Long story short we quit boarding horses after 18 years and so I thought I would try some cows. Our pastures are fenced with 4 strands of ElectroBraid. Three hots one ground. I bought two 8 month old heifers from a friend that recommended I stall them for a week before turning them out. Well today we turned them out and we had to cut power to the fence and take a section down to get them in the pasture. Before I could get the power hooked back up one of them went through the fence and was loose. I got the fence back up and hot again and we got the calf back in. My question is will the calves keep challenging the fence if we lose power? Or will they settle in and resign themselves to the pasture? I have seen other fences that wouldn’t take a lot for cows to escape from and didn’t think our fences would be a problem. But the selling point on using ElectroBraid for horses is that it will give and pop back if a horse challenges it. I just thought 4 strands will keep them deterred but I guess I have a lot to learn about cows.


----------



## gradyjohn (Jul 17, 2012)

It depends on which strands are hot and which are ground for the calves to make a connection.

Once they get snapped it takes some time before they would make the effort. I use to have a hot wire across the driveway and when I took it down they still would not cross it. I was think it took cows about 6 months before the ventured down to the gate and the horses were about a month. Or the other way around.

Dry weather will sometimes not make a good ground. Test with you tester where they went thru.


----------



## BWfarms (Aug 3, 2015)

If you are sending 5500 volts down the line and have excellent grounding they will respect it at all times after getting bit a few times. Occasionally my fence will drop to as little as 1000 volts (a tickle really) due to a limb or ground out issue and keep an entire herd in.

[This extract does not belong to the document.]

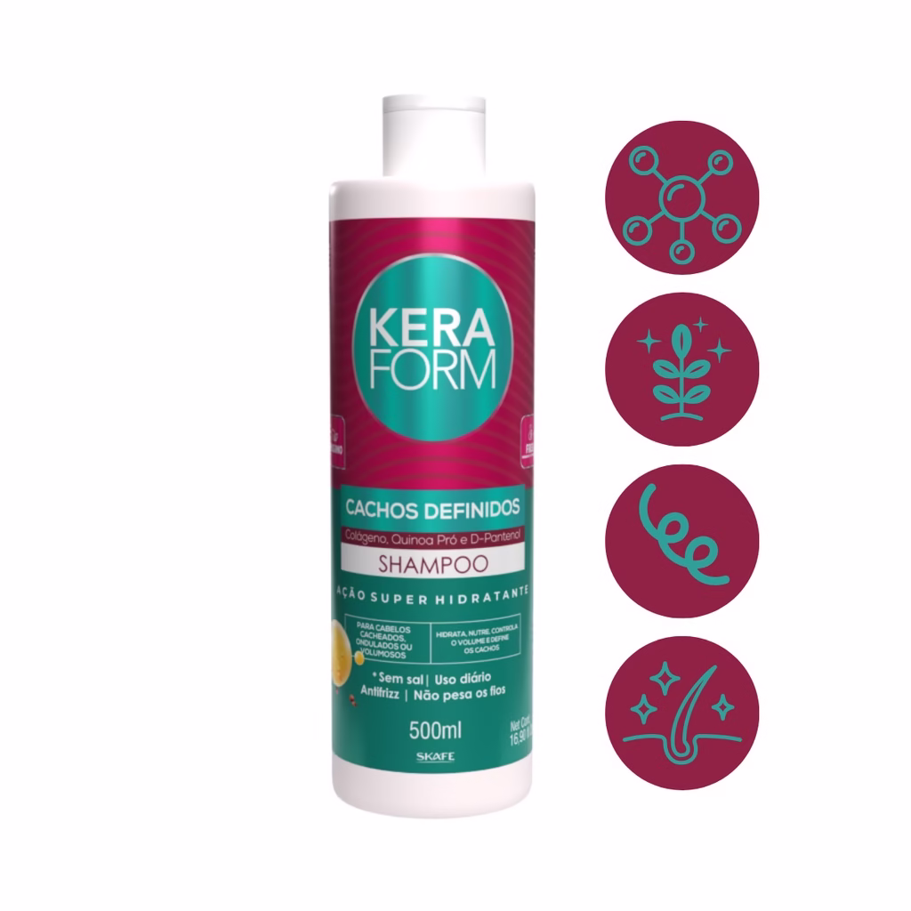 O Shampoo Keraform Cachos Definidos limpa de maneira natural, hidrata e nutre profundamente. Controla o volume e define os cachos, deixando-os ultra sedosos, com balanço e cheios de vida.

I don't have wild cattle but helps to keep them well fed so they don't try to eat outside the fence.


----------



## Red Bank (Apr 28, 2019)

We checked the fence before and after we put them in. After they were in they tried is a few times and got lit up. My fence tester was lighting up all the lights and my probe wire was shorting out through my gloves so I got lit up as well. There was a little devilish satisfaction watching them try it after chasing them back in.


----------



## Cozyacres (Jul 16, 2009)

I have found that calves not born on the farm and taught by the mother cow about electric fence need to be trained first in the barn.

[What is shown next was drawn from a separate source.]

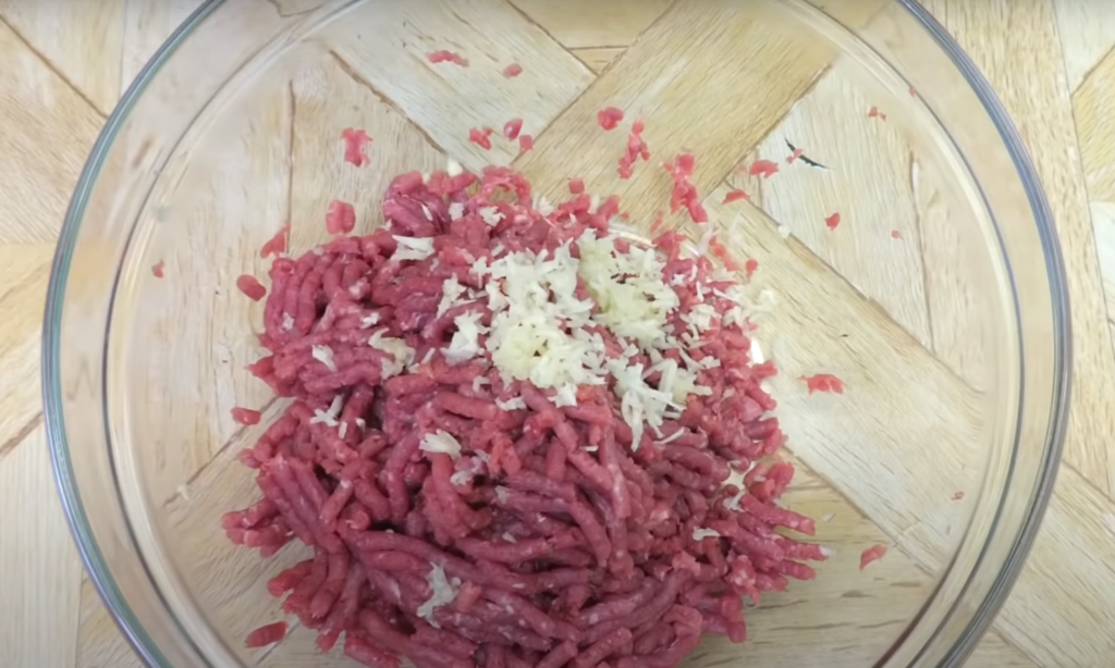 W misce mieszamy oba rodzaje mięsa mielonego ze zmiażdżonym czosnkiem, solą i pieprzem.

I usually take a fence wire and some posts and set up a" learning center" in the barn, where they can test the fence and get zapped a few time to respect the fence, after a few days of training, I let them out, they usually stay away from the fence,

I never had any get out after i started doing this.


----------



## r82230 (Mar 1, 2016)

I definitely believe it's a learned trait. New born calves walk right through my hot wires, but only for a couple of days/times. The cows, won't even try, if the fencer is off for a week or two (somebody who remain nameless forgot to check  ). A couple of month old calves will be out, is how I know fence isn't powered up, via deer damage. Seems that young deer can't jump the wires as well as the moms. Usually happens during the busy hay season for some odd reason. 

Larry


----------